**Requirement**
Return every line of the records, exact and in full, until you have returned the line with "公区实现了超强大的三面采光,环幕大面积采", and include none of the pictures.

[Data records]
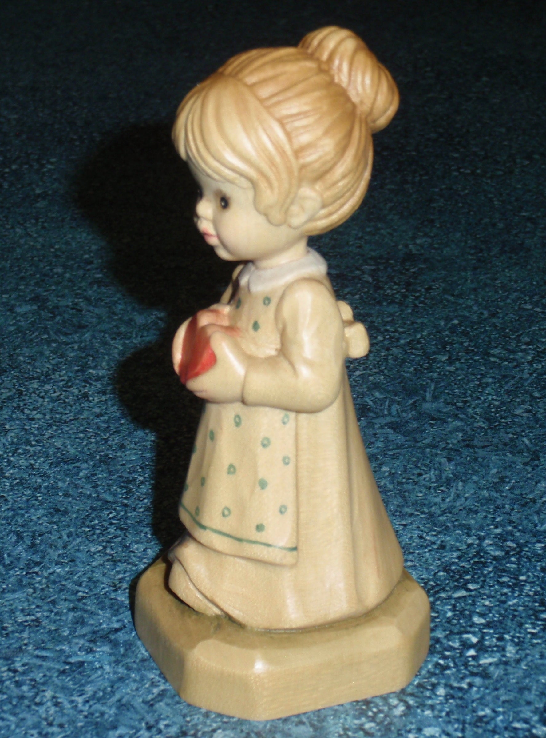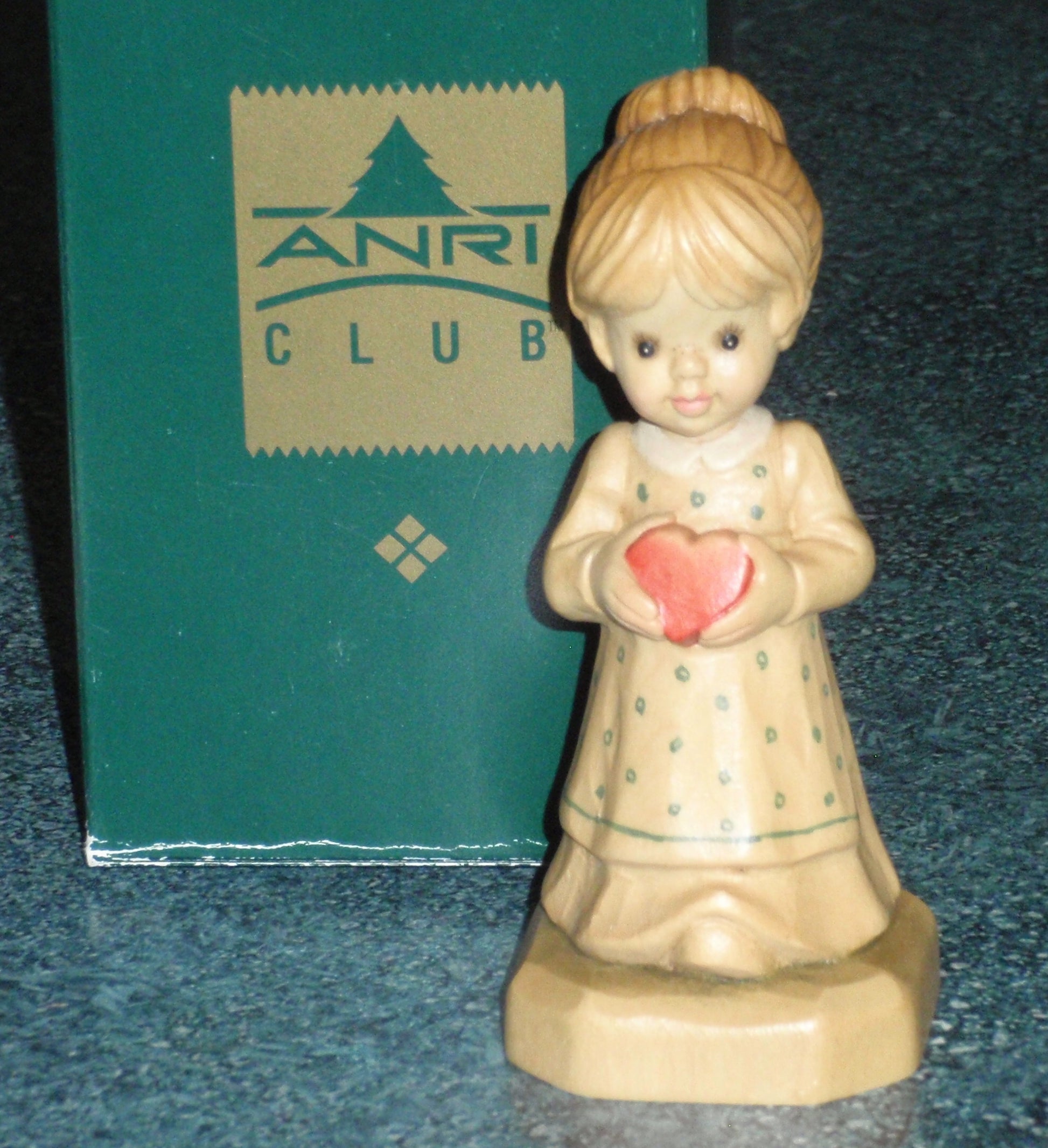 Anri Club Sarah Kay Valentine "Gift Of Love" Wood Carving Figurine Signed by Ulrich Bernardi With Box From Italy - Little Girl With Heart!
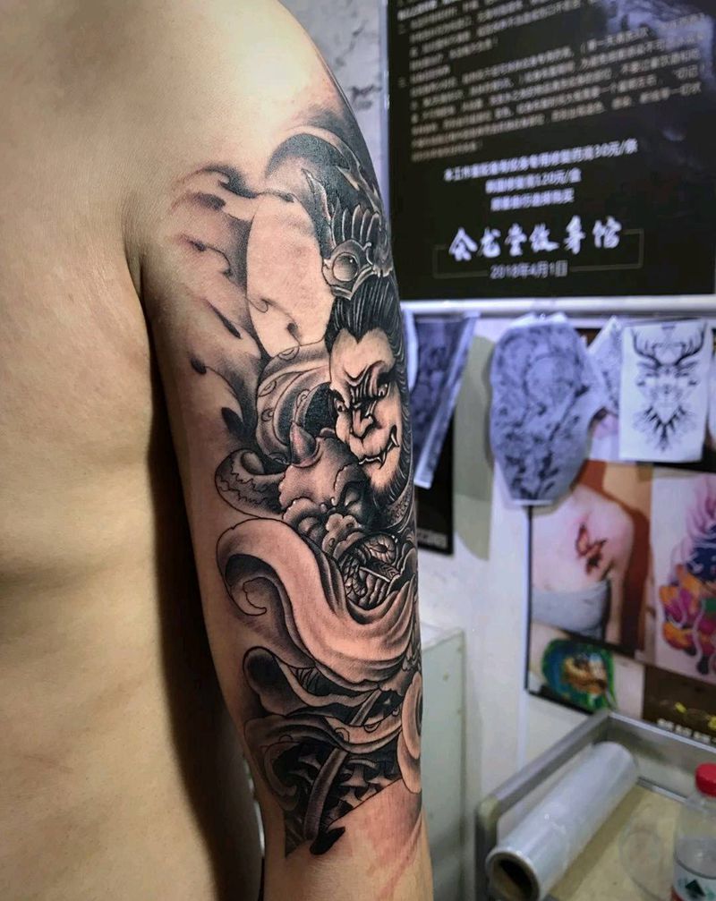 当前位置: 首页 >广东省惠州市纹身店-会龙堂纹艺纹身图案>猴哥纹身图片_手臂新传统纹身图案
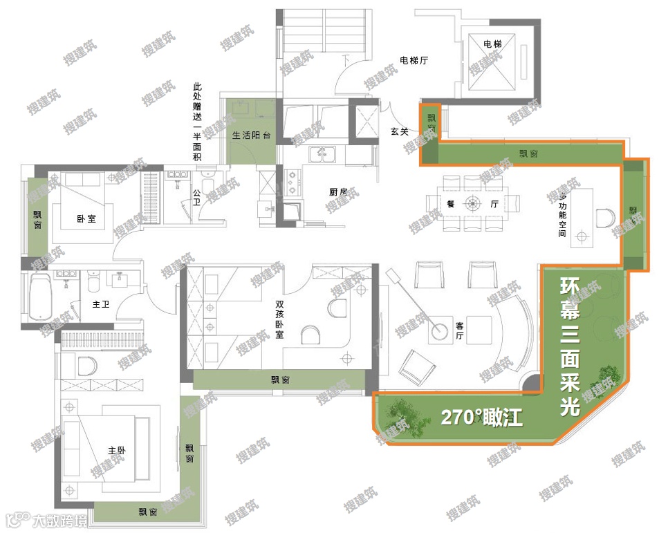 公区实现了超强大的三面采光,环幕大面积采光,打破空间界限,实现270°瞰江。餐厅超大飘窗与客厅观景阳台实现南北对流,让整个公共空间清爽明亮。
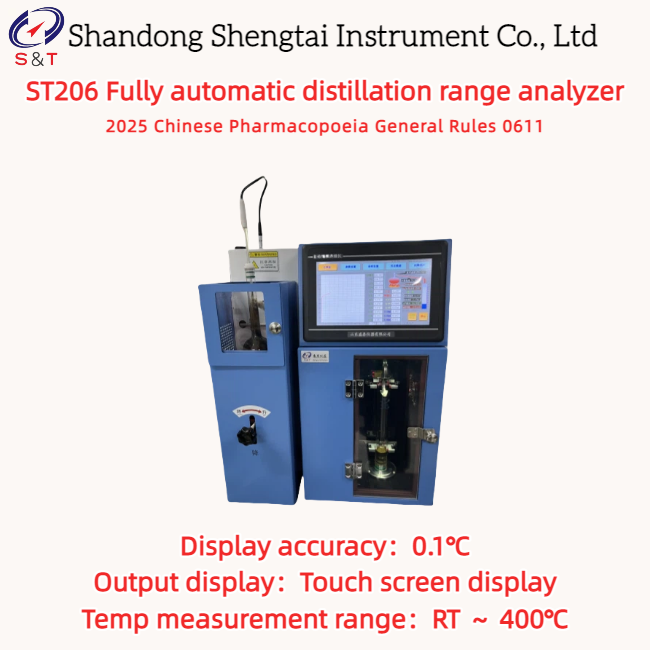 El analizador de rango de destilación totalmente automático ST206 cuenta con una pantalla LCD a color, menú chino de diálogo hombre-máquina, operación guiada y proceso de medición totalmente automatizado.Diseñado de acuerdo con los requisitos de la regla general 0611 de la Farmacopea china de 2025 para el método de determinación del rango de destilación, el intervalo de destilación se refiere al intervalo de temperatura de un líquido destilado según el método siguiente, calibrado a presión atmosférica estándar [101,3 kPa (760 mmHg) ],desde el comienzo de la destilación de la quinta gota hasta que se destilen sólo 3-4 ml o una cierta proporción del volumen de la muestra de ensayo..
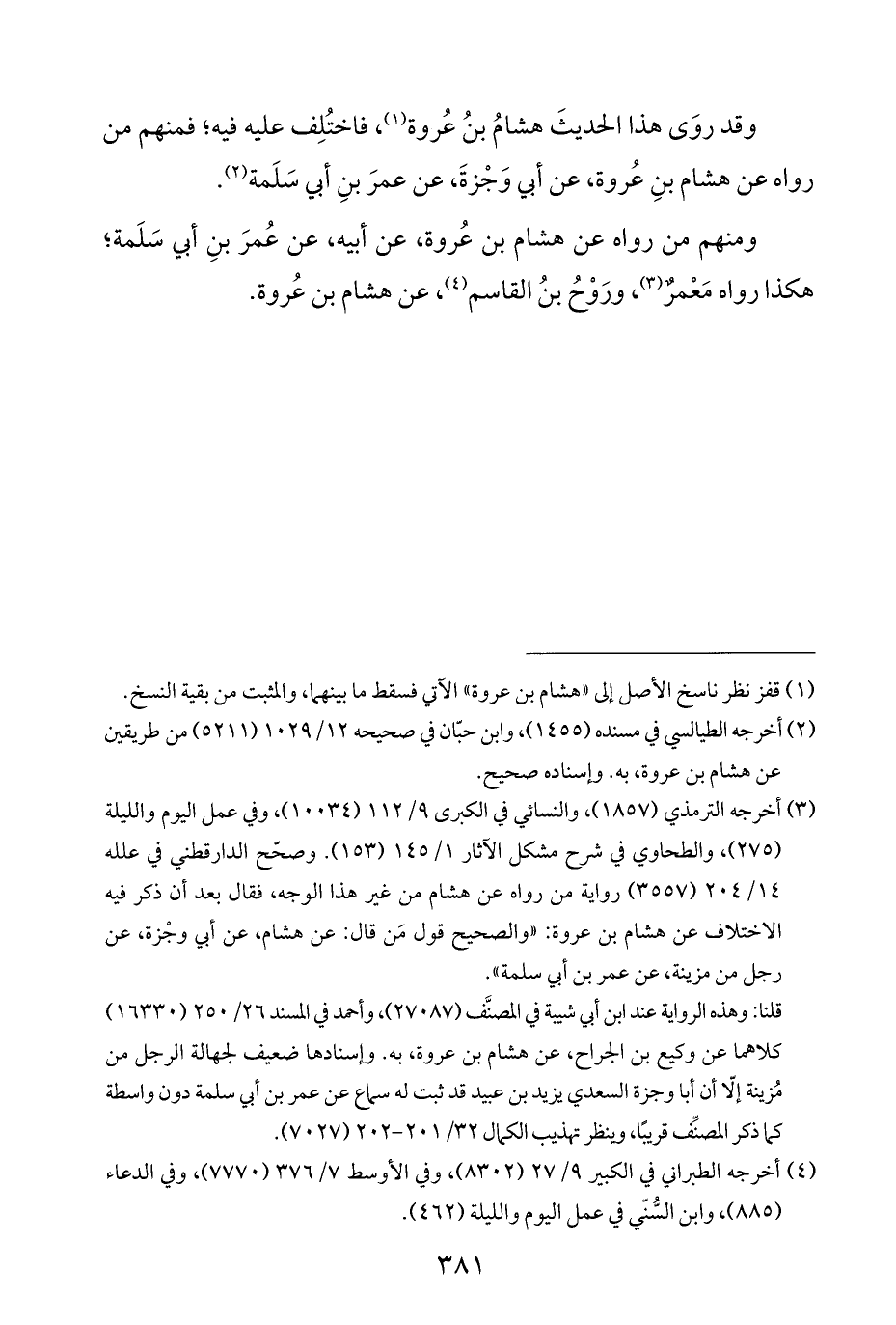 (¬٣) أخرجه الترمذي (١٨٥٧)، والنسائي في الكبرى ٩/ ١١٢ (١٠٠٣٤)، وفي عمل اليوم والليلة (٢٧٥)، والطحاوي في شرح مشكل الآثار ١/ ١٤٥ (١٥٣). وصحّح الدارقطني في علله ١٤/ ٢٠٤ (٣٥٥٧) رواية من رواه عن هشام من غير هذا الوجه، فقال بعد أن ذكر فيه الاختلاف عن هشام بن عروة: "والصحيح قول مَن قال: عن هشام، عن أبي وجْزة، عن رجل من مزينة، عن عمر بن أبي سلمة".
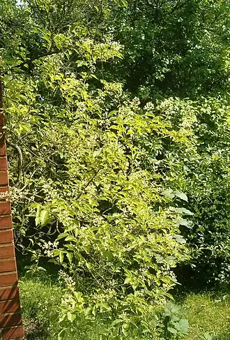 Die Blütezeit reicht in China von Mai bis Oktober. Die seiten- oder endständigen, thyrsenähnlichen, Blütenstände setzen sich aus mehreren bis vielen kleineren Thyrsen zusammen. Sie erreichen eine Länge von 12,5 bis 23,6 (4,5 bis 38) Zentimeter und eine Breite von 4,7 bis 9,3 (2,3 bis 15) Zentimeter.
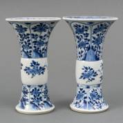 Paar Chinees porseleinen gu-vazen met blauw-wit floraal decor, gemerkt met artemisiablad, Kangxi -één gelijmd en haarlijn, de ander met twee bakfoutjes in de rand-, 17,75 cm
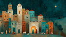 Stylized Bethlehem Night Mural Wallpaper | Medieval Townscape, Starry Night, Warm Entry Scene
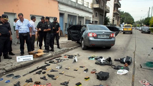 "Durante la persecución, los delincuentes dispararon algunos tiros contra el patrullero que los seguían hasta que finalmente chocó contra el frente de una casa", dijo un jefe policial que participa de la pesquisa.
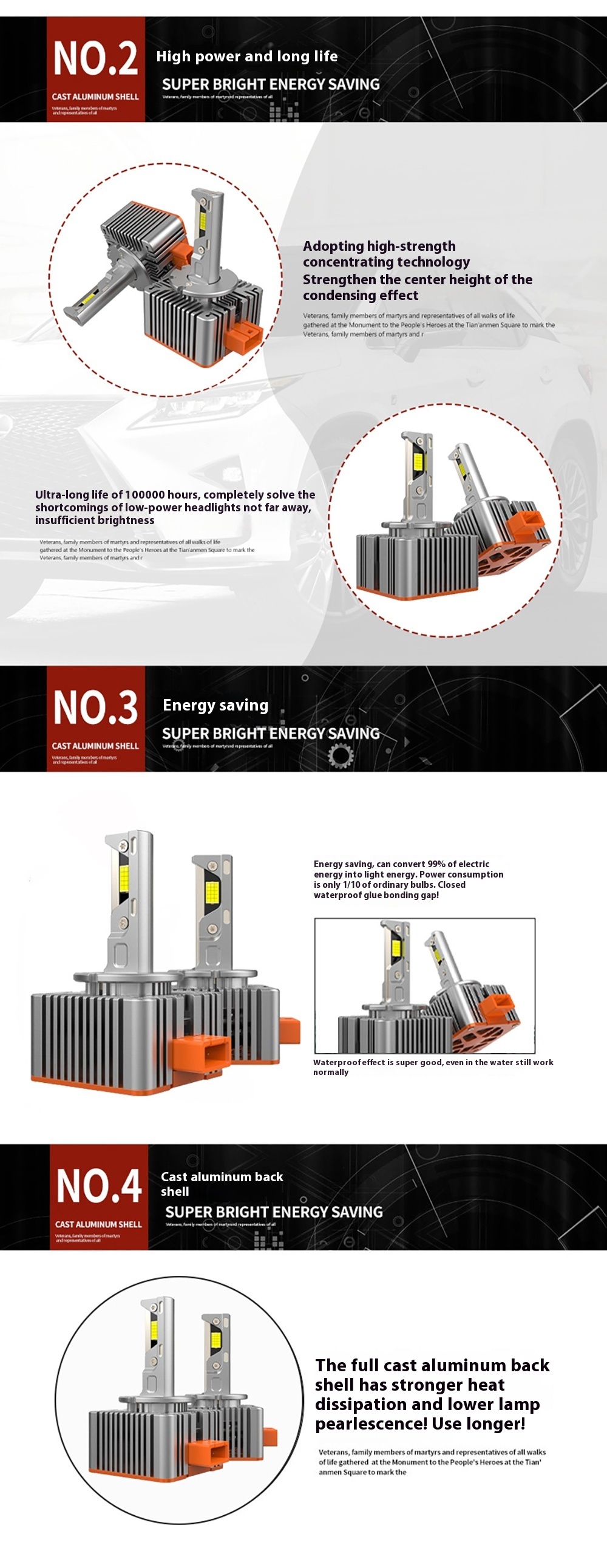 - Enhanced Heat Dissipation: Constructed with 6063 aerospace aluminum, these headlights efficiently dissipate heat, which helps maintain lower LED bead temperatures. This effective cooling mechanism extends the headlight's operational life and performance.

**Reply to the task**
 Anri Club Sarah Kay Valentine "Gift Of Love" Wood Carving Figurine Signed by Ulrich Bernardi With Box From Italy - Little Girl With Heart!
 当前位置: 首页 >广东省惠州市纹身店-会龙堂纹艺纹身图案>猴哥纹身图片_手臂新传统纹身图案
 公区实现了超强大的三面采光,环幕大面积采光,打破空间界限,实现270°瞰江。餐厅超大飘窗与客厅观景阳台实现南北对流,让整个公共空间清爽明亮。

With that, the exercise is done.